Swedish computer scientist and organizational theorist

Hans-Erik Eriksson (born 1961) is a Swedish computer scientist, organizational theorist, co-founder of Open Training AB, and author of "Business modeling with UML."

== Life and work ==
After his studies in computer science in the early 1980s, Eriksson started working in the field of system development and software architecture. In 1999, Eriksson and Magnus Penker founded Open Training in Sweden, an online learning and e-training institute. They sold the company in 2004, which continued as Open Training Sweden AB.

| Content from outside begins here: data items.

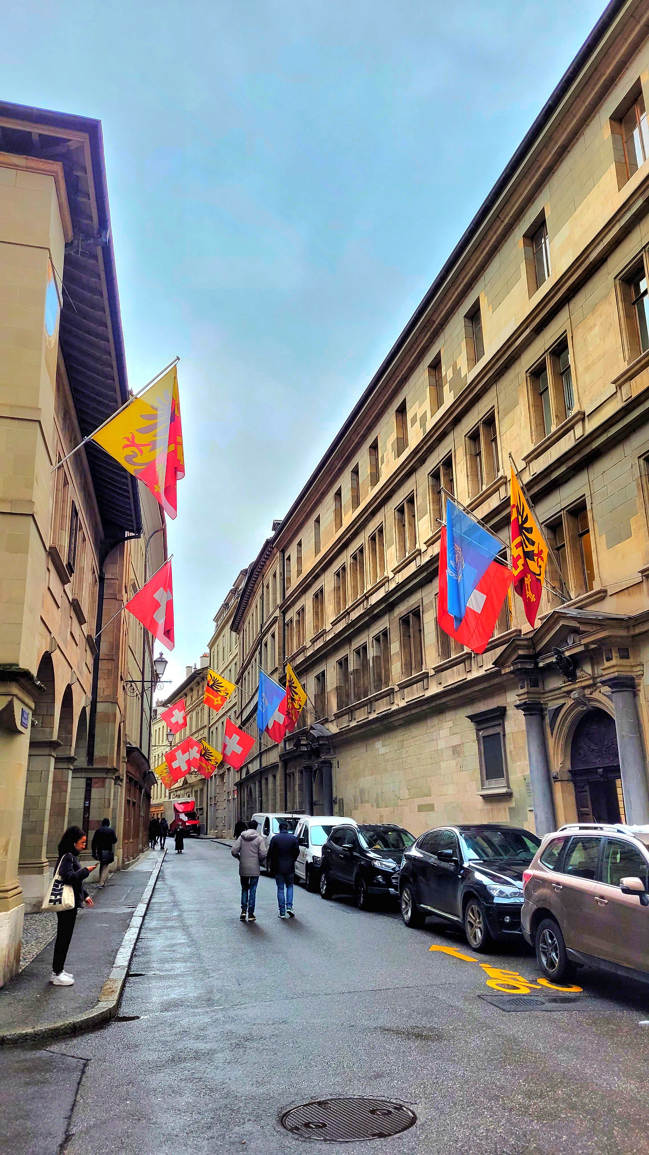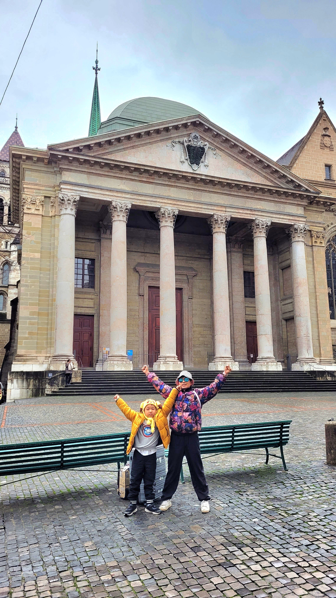 우리는 제네바를 거쳐서 베른에서 환승한 다음 골든라인이라 부르는 기차 노선을 타고 인터라켄으로 가는 일정을 계획했다. 제네바는 베른, 취리히와 더불어 스위스를 대표하는 도시이고 프랑스어권에서는 가장 큰 도시이다. 그리고 국제적인 외교도시로서 세계보건기구, 국제적십자위원회, 국제노동기구, 유엔난민고등판무관실 등 많은 국제기구가 있다. 도착한 제네바 국제공항에서 시내까지 전철을 타고 왔다. 역에 짐을 맡길까 했는데 9스위스프랑이어서 너무 비싸 가지고 다니기로 했다. 먼저 우리의 목적지인 생 피에르 성당으로 향했다. 이곳은 개신교의 유명한 종교 개혁가 칼뱅이 설교했던 곳으로 유명한 곳으로 앞모습은 판테온 같지만 내부는 정갈하고 담백한 모습이어서 여느 유럽의 성당들과는 달랐다. 시간이 많지 않아서 다시 시내 쪽으로 들어왔다. 몽블랑 다리와 분수를 배경으로 멋진 사진을 남겼다. 이 주변은 전 세계 굴지의 은행과 시계 명품들이 있어서 스위스라는 걸 실감케 했다.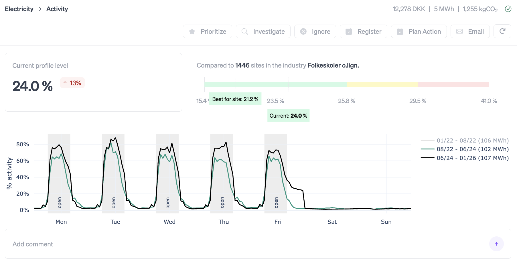 Hvis du ønsker at sammenligne den procentvise aktivitet på tværs af dine bygninger, kan denne data findes under benchmark. Læs mere her.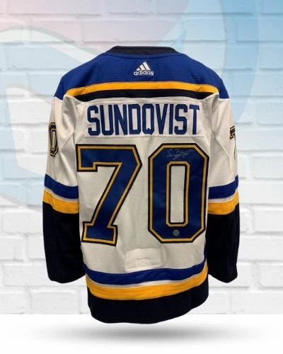 This Oskar Sundqvist St Louis Blues autographed Adidas away jersey is the perfect addition to your fan cave or game day wardrobe. Oskar Sundqvist personally hand-signed this jersey during a private autograph signing. Fan Cave guarantees this autograph with a Certificate of Authenticity and tamper resistant hologram from Fan Cave Sports. Whether you’re looking to add to your personal collection or seeking the best gift, the Oskar Sundqvist St Louis Blues autographed Adidas away jersey is a great choice!Â
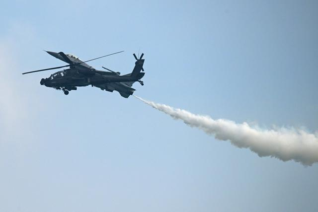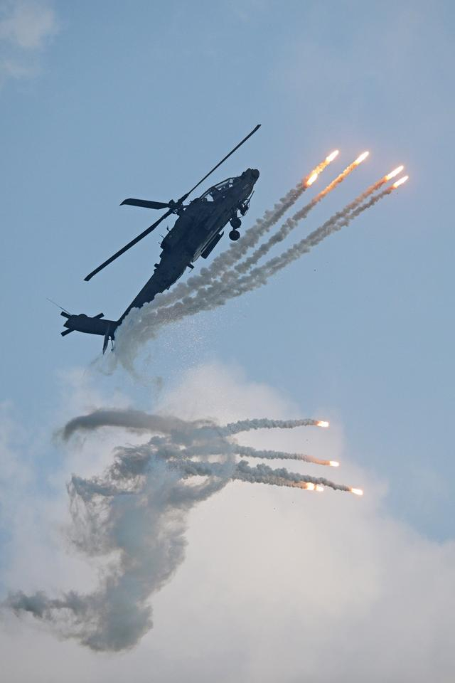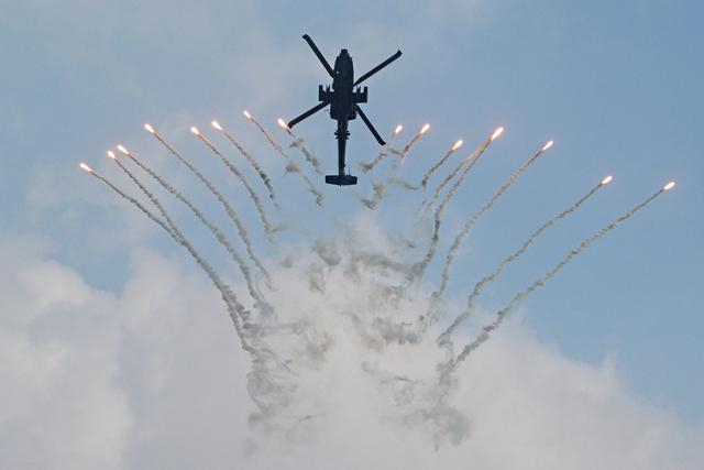 2月1日,在新加坡樟宜展览中心举行的新加坡航展媒体预演上,一架新加坡空军阿帕奇AH-64D直升机进行飞行表演。新华社发(邓智炜摄)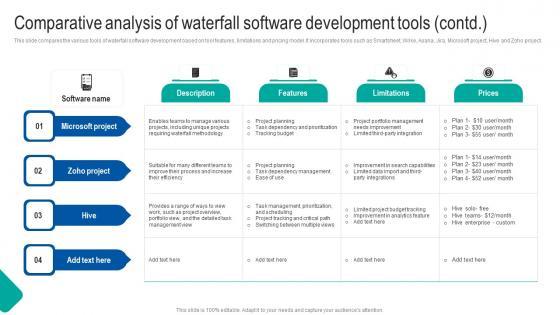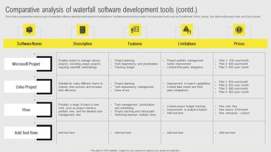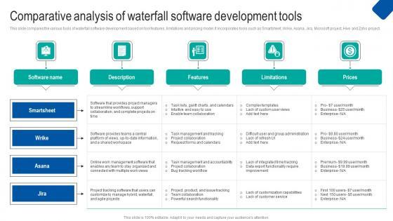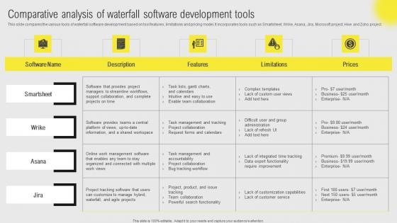 This slide compares the various tools of waterfall software development based on tool features, limitations and pricing model. It incorporates tools such as Smartsheet, Wrike, Asana, Jira, Microsoft project, Hive and Zoho project. Slidegeeks is here to make your presentations a breeze with Comparative Analysis Waterfall Project Management Strategy Construction Industry Template Pdf With our easy to use and customizable templates, you can focus on delivering your ideas rather than worrying about formatting. With a variety of designs to choose from, you are sure to find one that suits your needs. And with animations and unique photos, illustrations, and fonts, you can make your presentation pop. So whether you are giving a sales pitch or presenting to the board, make sure to check out Slidegeeks first This slide compares the various tools of waterfall software development based on tool features, limitations and pricing model. It incorporates tools such as Smartsheet, Wrike, Asana, Jira, Microsoft project, Hive and Zoho project.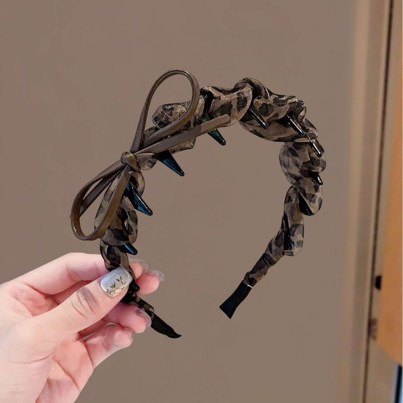 Wavy Toothed Leopard Print Bow Hairband High Skull Top Women's Daily Wear High-end Light Headband Hair Accessory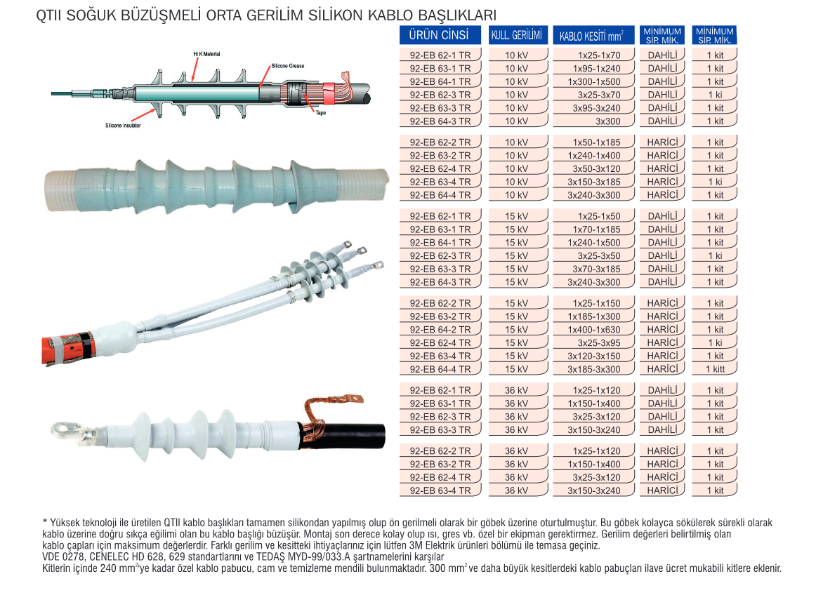 3M 1x185-1x300 15 kV SOĞUK BÜZÜŞMELİ ORTA GERİLİM SİLİKON KABLO BAŞLIĞI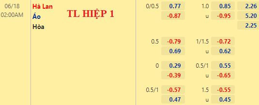 Việc Hà Lan được đánh giá cao hơn ở trận này không có gì khó hiểu. Tuy nhiên thì kèo hiệp 1 lại chưa cho thấy vị thế của "cơn lốc màu da cam". Handicap cả trận chấp 1 hòa nhưng hiệp 1 Hà Lan chỉ chấp đồng banh. Mặc dù đã thắng trận mở màn nhưng phải đến hiệp 2 Hà Lan mới chọc thủng lưới Ukraine.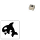 Tecknad knubbig Orca val med ett litet vitt hjärta nära svan.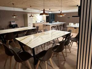 Veranstal es un espacio multifuncional en Zaragoza que destaca por su diseño contemporáneo y su distribución abierta, ideal para eventos gastronómicos como showcookings. Equipado con una cocina totalmente funcional, iluminación cuidada y mobiliario adaptable, permite crear experiencias únicas tanto para grupos pequeños como para eventos de mayor tamaño.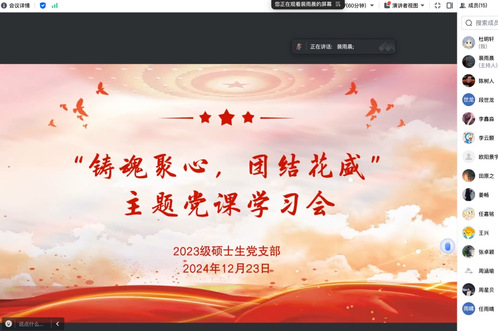 为积极响应国家关于加强民族团结进步教育的号召,进一步巩固和深化党员同志对中华民族共同体意识的认识,提升民族凝聚力和文化认同感,2024年12月23日晚,十大正规买足球网站2023级硕士生党支部以线上线下相结合的方式召开十二月“铸魂聚心,团结花盛”主题党课,由铸牢中华民族共同体意识主题党课学习会和校园宗教政策法规知识与实务学习会两部分组成。此次会议由党支部书记裴雨晨同志主持,共计21名员工党员参加。

In the late 1990s and early 2000s, Eriksson authored and co-authored a series of books on business modeling and Unified Modeling Language in English. His first book in Swedish had been on object-oriented programming in C++ and was published in 1992.

== Work ==
In their 2000 "Business Modeling with UML" Eriksson and Penker proposed a fundamental domain modeling concept, which became known as the Eriksson-Penker Business Extensions. This enterprise modeling approach was similar to CIMOSA, This reference model defined four different views of a business: resources, processes, goals, and rules. The main principles in this approach, according to Grangel (2007), are:
- Process: the set of actions that transform input objects into outputs which have an added value for the customer. Processes have a goal and are affected by events.
- Events: a change of state that is caused by a process and is then received by one or more processes.
- Resources: all kinds of things that are used in the enterprise, whether they are either physical or abstract, for example, information.
- Goals: defined for the enterprise and each of its processes; they represent the desired state of each enterprise resource.
- Business rules: define the conditions under which business activity is to be performed and enterprise knowledge should be represented.
- General mechanism: mechanisms to be used in any diagram

The Eriksson-Penker Business Extensions for the UML can be applied for "the analysis and description of enterprise-wide data structures and conversions between them (OMG Common Data Warehouse Metamodel - OMG CWM), and for modeling business workflows (Workflow Management Coalition Metamodel)."

== Selected publications ==
- Eriksson, Hans-Erik, and Magnus Penker. UML toolkit. John Wiley & Sons, Inc., 1997.
- Eriksson, Hans-Erik, and Magnus Penker. Business modeling with UML: Business Patterns at Work, John Wiley & Sons, New York, USA (2000).
- Eriksson, Hans-Erik, et al. UML 2 toolkit. Vol. 26. John Wiley & Sons, 2003.